Robin Kruppe via Phabricator via llvm-commits llvm-commits at lists.llvm.org
Sun Feb 2 08:08:19 PST 2020


rkruppe added a comment.

(This was gonna be an inline comment on D69891 <https://reviews.llvm.org/D69891>, but it's more of a general conceptual issue, so I decided to move it here.)

Right now, LangRef changes in D69891 <https://reviews.llvm.org/D69891> describe the restriction on the EVL value as this:

> The explicit vector length (%evl) is only effective if it is non-negative, and when that is the case, its value is in the range:
> 
>   0 <= %evl <= W,   where W is the vector length.

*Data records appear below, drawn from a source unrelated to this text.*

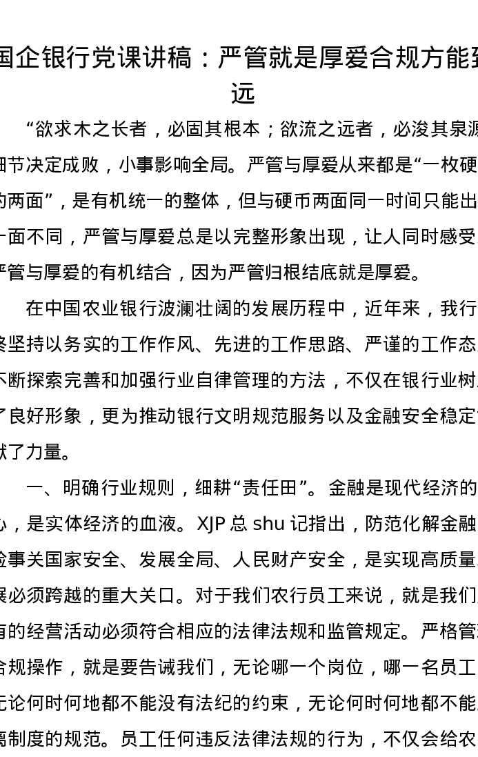国企银行党课讲稿:严管就是厚爱合规方能致远
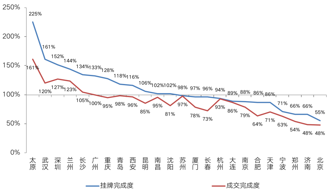 各個(gè)城市供地完成情況基本一致,基本呈現(xiàn)中西部城市“超標(biāo)”、而樓市下行城市供地不足的分化格局。
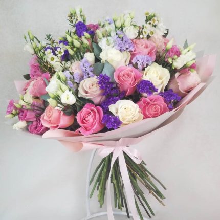 Цветы в большой коробке: садовые розы, лизиантус, маттиола, тюльпаны

The restriction is good, but this wording doesn't specify what happens when `%evl` is not in that range. Some sort of undefined behavior, I assume, but this must be explicitly stated, especially since there are many ways in which it could be undefined. I don't recall previous discussion of this detail and I don't know what you have in mind, but some possibilities I see:

1. The instruction has capital-UB undefined behavior. This gives the greatest flexibility to backends (e.g., allows generation of code that traps if %evl is too large) but I don't know of any architecture that needs this much flexibility and it constrains IR optimizations (code hoisting etc.) the most.
2. The instruction returns poison (i.e., all result lanes are poison) and all lanes are (potentially, non-deterministically) enabled regardless of the mask parameter. This is less restrictive for IR optimizations (e.g., integer `vp.add` can unconditionally be speculated) but still allows backends to unconditionally use SETVL-style "stripmining" instructions that are not generally consistent (across architectures) w.r.t. which lanes become active when a vector length greater than the hardware vector length is requested.
3. `%EVLmask` is undef, that's all. As consequence, lanes disabled by the `%mask` argument definitely stay disabled, but for other lanes (where the mask has a 1 or an undef) it's non-deterministic whether they are active. As far as I can see, this has pretty much the same implications for IR optimizations and backends (excluding hypothetical pathological architectures) but is less of a special case to specify and directly captures the diversity of hardware behavior that (presumably) motivates this restriction on EVL.

Off the cuff, I would suggest the last option.